| What the task requires |
Each entry should be restated word for word, with all pictures left out.

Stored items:
+-------+

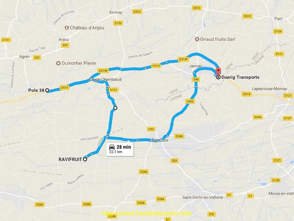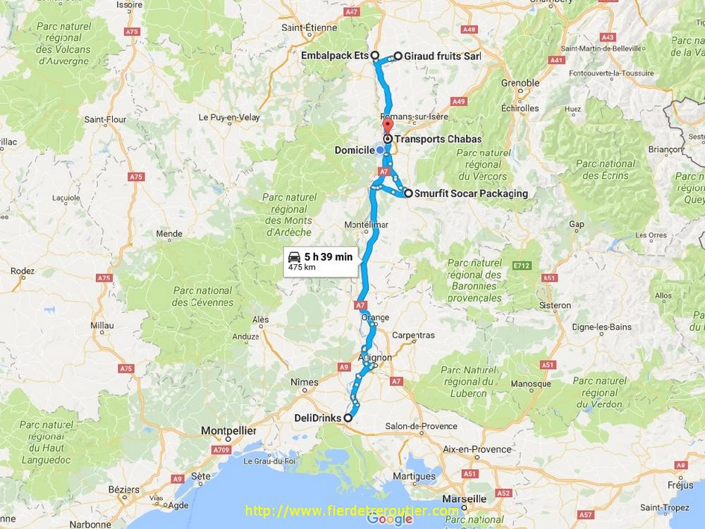 Pour demarrer, je vais à Salaise chez Sanne Fruits, l'été chez Lubac j'allais la bas une ou deux fois par jour, la mamy est toujours aux bons soins, et toujours aussi péchue en plus j'ai un colis de Bergeron en cadeau, ça fait plaisir d'autant qu'ils sont super bons. Les choses se sont nettement gatées après, rien n'est prêt chez Ramberfruits, pas avant 20h. Donc calculement tout ça, j'ai menti un peu à l'affreteur en disant que c'est à 20h que termine mon amplitude. Du coup il m'a promis de mettre la pression grave, je repars chez Chanabel prendre une palette et je reviens à St Rambert. Finalement je repars à 19h45, ils ont bien mis la pression, heureusement ça roule sans pinallier sur l'A7, et je peux dire que chez Chabas ils ont pas trainé pour me vider, j'ai vu des anciennes têtes connues, c'était marrant et c'est toujours autant le bordel ici. Ensuite j'ai plus qu'à rentrer fissa fissa à la maison, du coup j'ai dépassé que de 8 minutes mon amplitude je me dis que c'était inesperé et que ça valait bien un gros mensonge ! En attendant je vous fait plein de mimis et je vous dit à tous un grand merci !!!
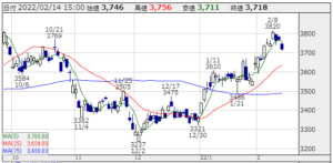 ★株価推移:3,237円〜3,820円(21/10/1〜22/2/16)
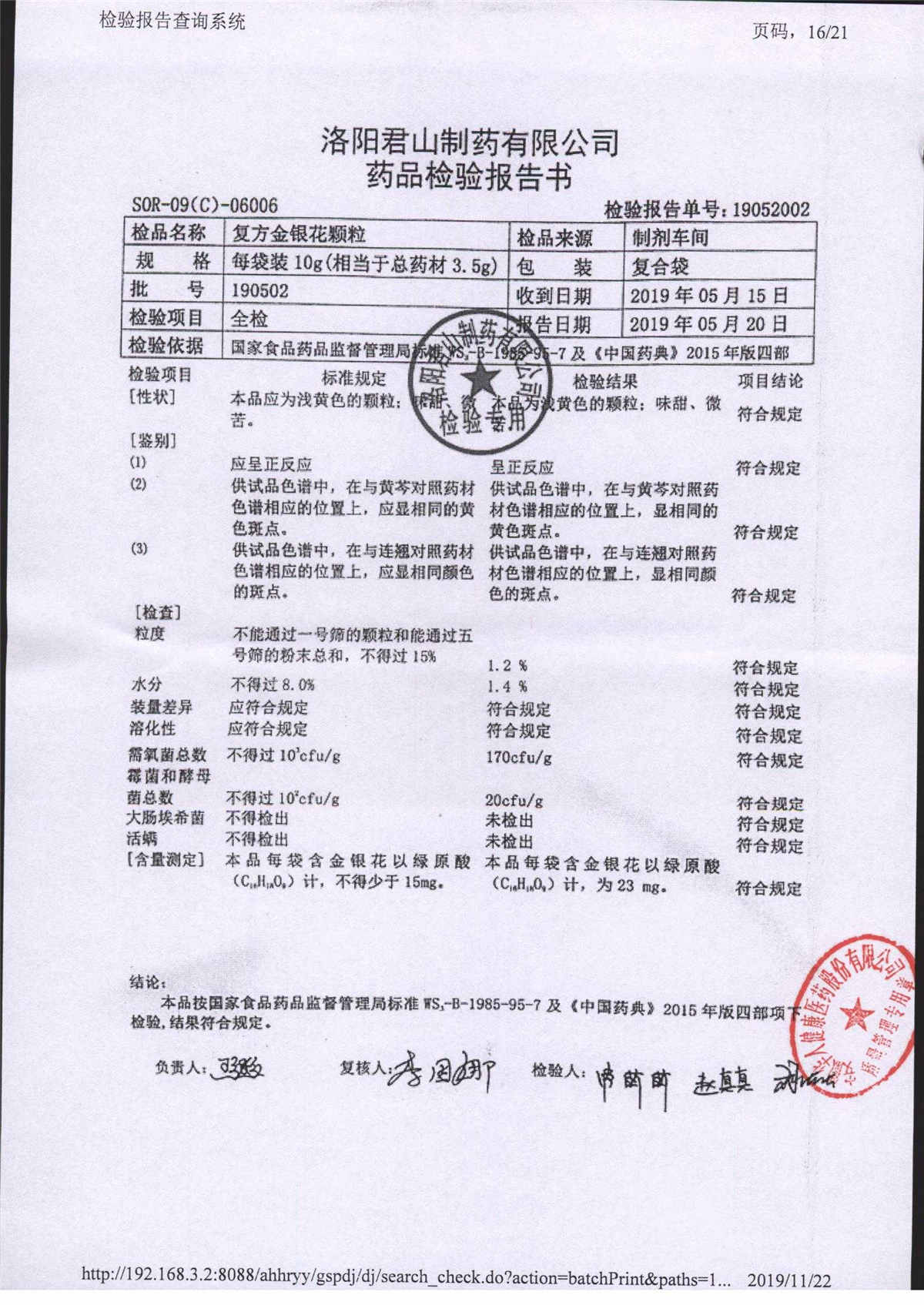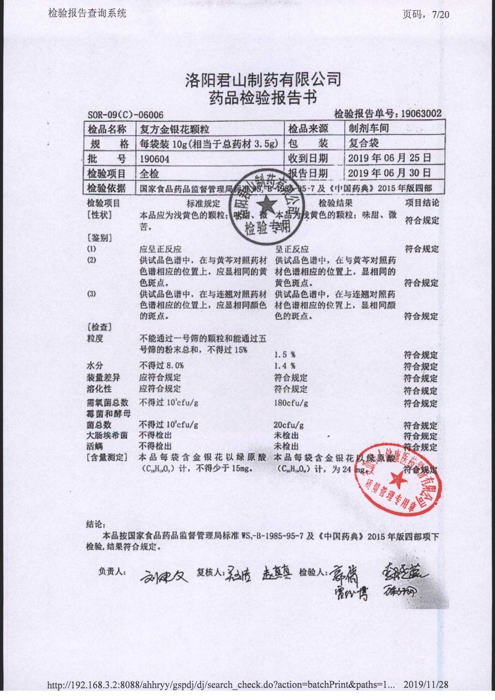 | 復方金銀花顆粒 | 10g | 190604 | 查看詳情 |
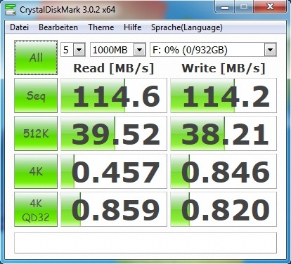 Noch ein paar Worte zur integrierten HDD: Bei der Seagate Momentus ST1000LM024 handelt es sich um ein 9,5 Millimeter hohes SATA-II-Drive, das trotz der recht niedrigen Drehzahl (5400 U/Min) eine verhältnismäßig gute Leistung bietet. Dank einer sequentiellen Lese- und Schreibrate von knapp 114 MB/Sek gewinnt die HDD etwa 10 % gegen den Terabyte-Konkurrenten Toshiba MQ01ABD100 (~104 MB/Sek @ Nexoc M507II).
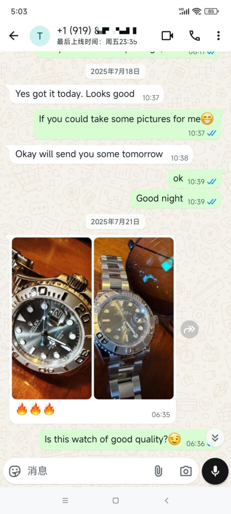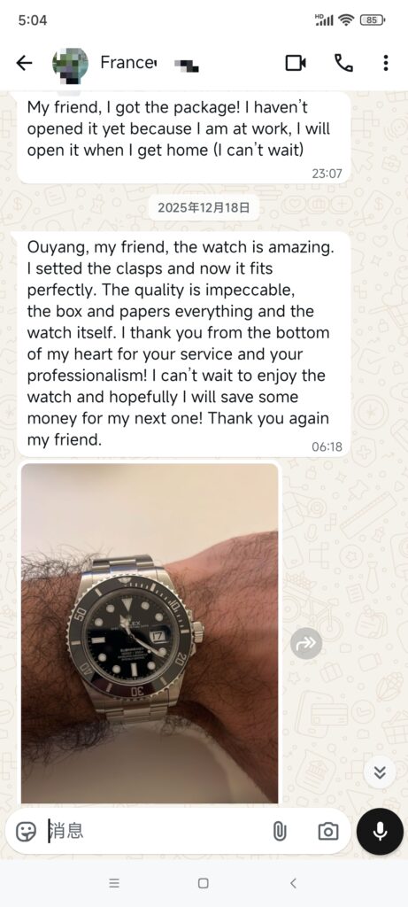 3.A professional 360-degree quality inspection is conducted before shipment, and video verification is available. Check the Rolex serial number at the 6 o’clock position; each Rolex has a unique serial number, and the serial number on the inspected Rolex will match the received item.
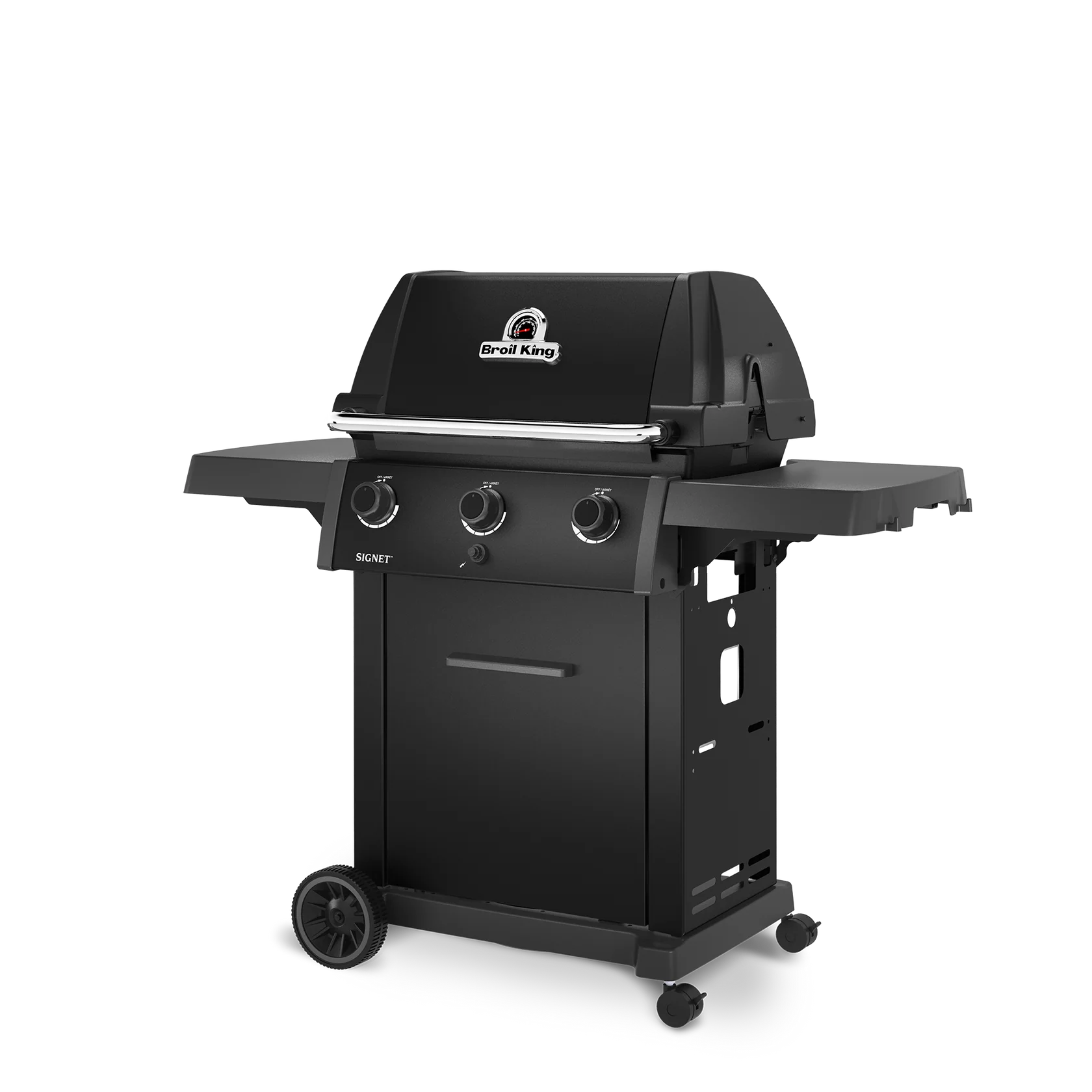 The Signet™ 320 Shadow features 635 sq. in. total cooking space including porcelain coated warming rack, heavy-duty cast iron cooking grids, stainless steel Flav-R-Wave™ cooking system, 3 stainless steel Dual-Tube™ burners, stainless steel drop-down side shelves and enclosed cabinet base.
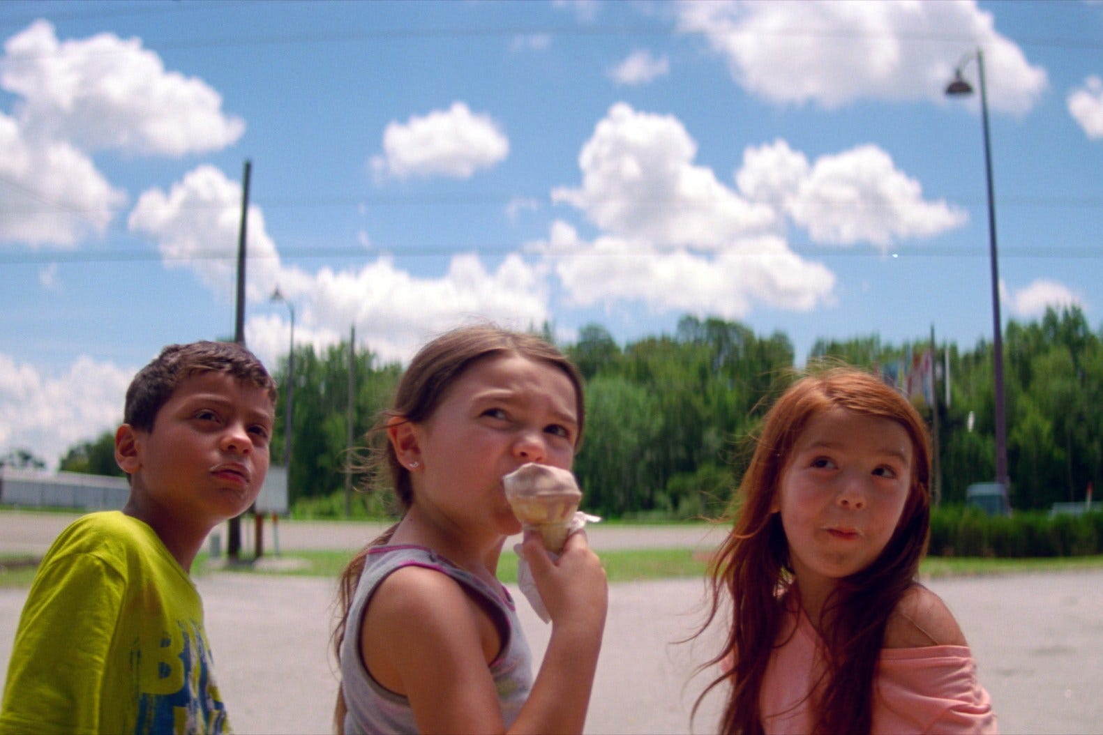 For the film’s first 30 minutes or so, we follow Moonee (Brooklynn Prince) and her friends as they romp through the central Florida landscape without a care in the world. Their adventures are mostly innocent: begging for change outside an ice cream store, spying on fellow hotel residents who tan in the nude. Their lives don’t seem perfect, but we’re reminded of how resilient kids are; they make it work.

+-------+

| Answer to this problem |
 Pour demarrer, je vais à Salaise chez Sanne Fruits, l'été chez Lubac j'allais la bas une ou deux fois par jour, la mamy est toujours aux bons soins, et toujours aussi péchue en plus j'ai un colis de Bergeron en cadeau, ça fait plaisir d'autant qu'ils sont super bons. Les choses se sont nettement gatées après, rien n'est prêt chez Ramberfruits, pas avant 20h. Donc calculement tout ça, j'ai menti un peu à l'affreteur en disant que c'est à 20h que termine mon amplitude. Du coup il m'a promis de mettre la pression grave, je repars chez Chanabel prendre une palette et je reviens à St Rambert. Finalement je repars à 19h45, ils ont bien mis la pression, heureusement ça roule sans pinallier sur l'A7, et je peux dire que chez Chabas ils ont pas trainé pour me vider, j'ai vu des anciennes têtes connues, c'était marrant et c'est toujours autant le bordel ici. Ensuite j'ai plus qu'à rentrer fissa fissa à la maison, du coup j'ai dépassé que de 8 minutes mon amplitude je me dis que c'était inesperé et que ça valait bien un gros mensonge ! En attendant je vous fait plein de mimis et je vous dit à tous un grand merci !!!
 ★株価推移:3,237円〜3,820円(21/10/1〜22/2/16)
 | 復方金銀花顆粒 | 10g | 190604 | 查看詳情 |
 Noch ein paar Worte zur integrierten HDD: Bei der Seagate Momentus ST1000LM024 handelt es sich um ein 9,5 Millimeter hohes SATA-II-Drive, das trotz der recht niedrigen Drehzahl (5400 U/Min) eine verhältnismäßig gute Leistung bietet. Dank einer sequentiellen Lese- und Schreibrate von knapp 114 MB/Sek gewinnt die HDD etwa 10 % gegen den Terabyte-Konkurrenten Toshiba MQ01ABD100 (~104 MB/Sek @ Nexoc M507II).
 3.A professional 360-degree quality inspection is conducted before shipment, and video verification is available. Check the Rolex serial number at the 6 o’clock position; each Rolex has a unique serial number, and the serial number on the inspected Rolex will match the received item.
 The Signet™ 320 Shadow features 635 sq. in. total cooking space including porcelain coated warming rack, heavy-duty cast iron cooking grids, stainless steel Flav-R-Wave™ cooking system, 3 stainless steel Dual-Tube™ burners, stainless steel drop-down side shelves and enclosed cabinet base.
 For the film’s first 30 minutes or so, we follow Moonee (Brooklynn Prince) and her friends as they romp through the central Florida landscape without a care in the world. Their adventures are mostly innocent: begging for change outside an ice cream store, spying on fellow hotel residents who tan in the nude. Their lives don’t seem perfect, but we’re reminded of how resilient kids are; they make it work.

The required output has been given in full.